Table of contents
Click the links below to jump to the relevant section.
- Background
- The Population Manager and how gate sets become ordered hierarchies
- Deleting or renaming a gate requires actions in the population manager
In Cytobank, the terms population and gate are different and the distinction is important to understand.
A gate is a shape drawn on a plot to encapsulate a set of events, but other than that, it carries no other information about hierarchy or complex cellular identity. An example of a gate might be CD4+. You may know what population this gate corresponds to, but that single gate most certainly does not define CD4+ T cells. The population is defined by many gates in sequence.
In order to build information about hierarchy and to categorize cellular identity from gates, populations are used. A population is simply a collection of gates. In the example above, the population CD4+ T cells could be defined by the gates Scatter AND Live cells AND singlets AND CD3+ AND CD4+. This is the gate set of the population, and after applying all the gates, you will have the events of interest that define that actual biological population of interest. Contrary to popular intuitive believe, the order in which you apply these gates doesn't matter to obtaining the final filtered events.
Since gates and populations are decoupled, it is important to understand how to control which gates a population is defined by. Controlling the gate set definition of a population is also the basis of boolean gating. In Cytobank, the Population Manager is what confers control over populations and the gates that define them.

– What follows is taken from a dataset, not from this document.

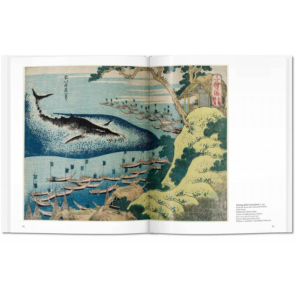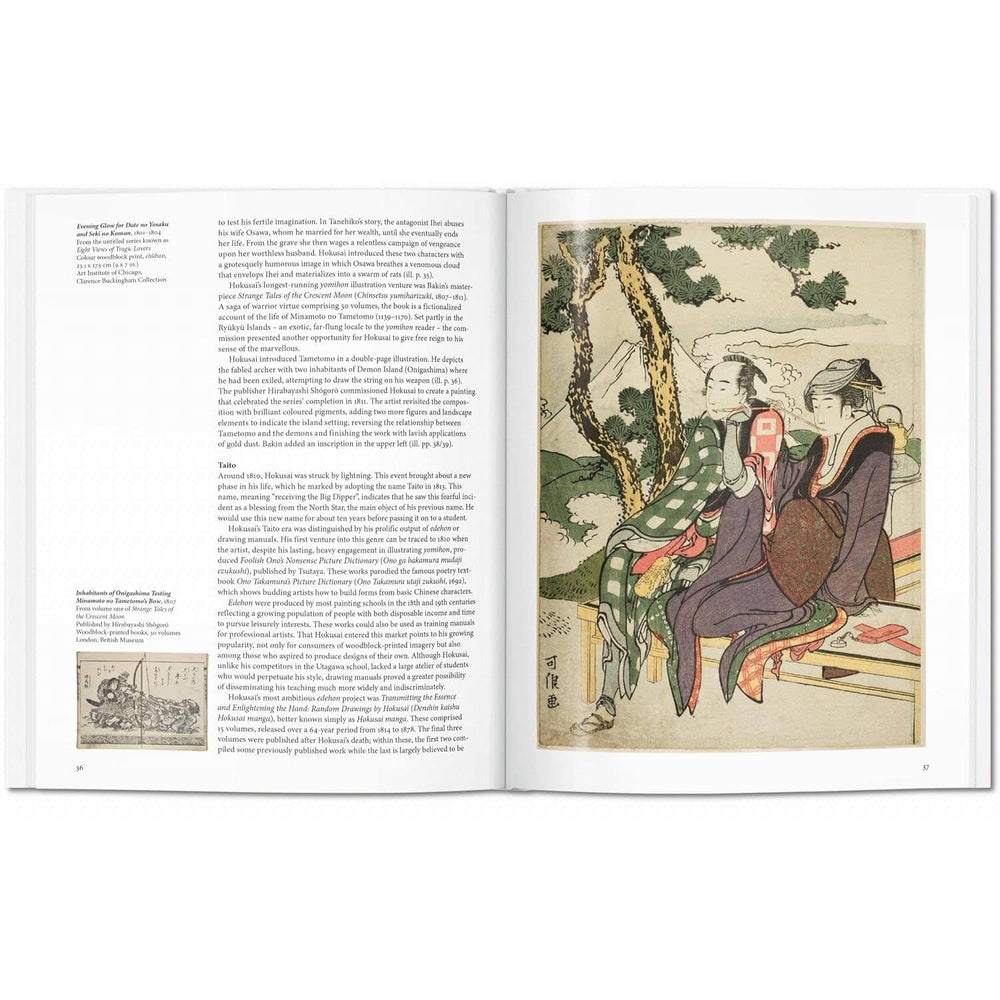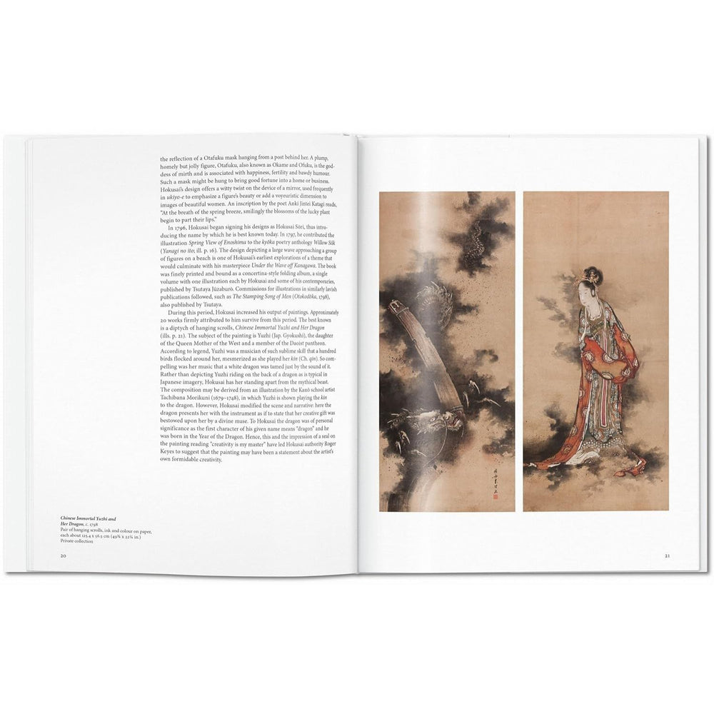 Este libro de Taschen abarca la carrera completa de Hokusai y presenta las obras clave de su amplio porfolio. A través de estas piezas y series, tan majestuosas como meticulosas, recorre la variedad de temática tratada por el artista, desde libros eróticos hasta novelas históricas, así como la evolución de su vívido formalismo y su peculiar organización del espacio por medio del color y de la línea, que liberaría el arte occidental de las limitaciones de la perspectiva única y daría rienda suelta al impulso modernista.

Introducing the Population Manager and how gate sets become ordered hierarchies
Normally, you define what gates are in a population without knowing it, simply by drawing a gate, activating it, and then drawing the next gate, as is typical in flow analysis. Doing this will result in a population tree that could look like this:
(a basic population tree)
When you gate in this serial fashion in Cytobank, a population is created automatically for each gate drawn, and each new population automatically contains all the gates of its parent, plus the one you just drew. This might be more easily understood in the figure below, which shows the correlate population manager for for the population tree above. The image also highlights the anatomy of the population manager:
(The population manager that represents the Population Tree above. Notes included)
An obvious pattern can be seen where each new population consists of a previous population plus one additional gate. Comparing subset relationships of gate sets between populations is how the population tree hierarchy is determined. Specifically, for a parent-child relationship to exist, one population must be a proper subset of another, as defined by the gates included in the set. In this example, CD33- is the most similar proper subset of CD3+ T cells, and thus it is the immediate parent.
The check boxes in the population manager are used to create the definition of a population. A checked box means to include the gate in the population.
Another example:
(CD45+ population could be intact cells AND viable AND singlets AND CD45+)
Deleting or renaming a gate requires actions in the population manager
Consider this scenario below, where we have drawn a scatter gate, which created a scatter population. We then activated the scatter population, and drew a singlets gate. The resulting population manager and population tree are shown:
As expected, the singlets population is composed of the scatter gate and the singlets gate. It is a child of the scatter population.
But what happens if we delete the singlets gate? Perhaps we drew it on the wrong channel or scales, or maybe we just want to change the gate type. Below is an image of the population manager and population tree right after the gate is deleted.
(after deleting a gate, you must delete the correlate population)
The singlets population remains in the population manager and population tree because a gate is not a population. Deleting the gate will not delete its correlate population. The singlets population also sits in a different place in the population tree after the deletion because we removed an important defining gate from its definition. Technically, it is now defined as the same population as scatter! This explains why it has the same statistics.
The same principal above applies to renaming gates and then having to rename the correlate population.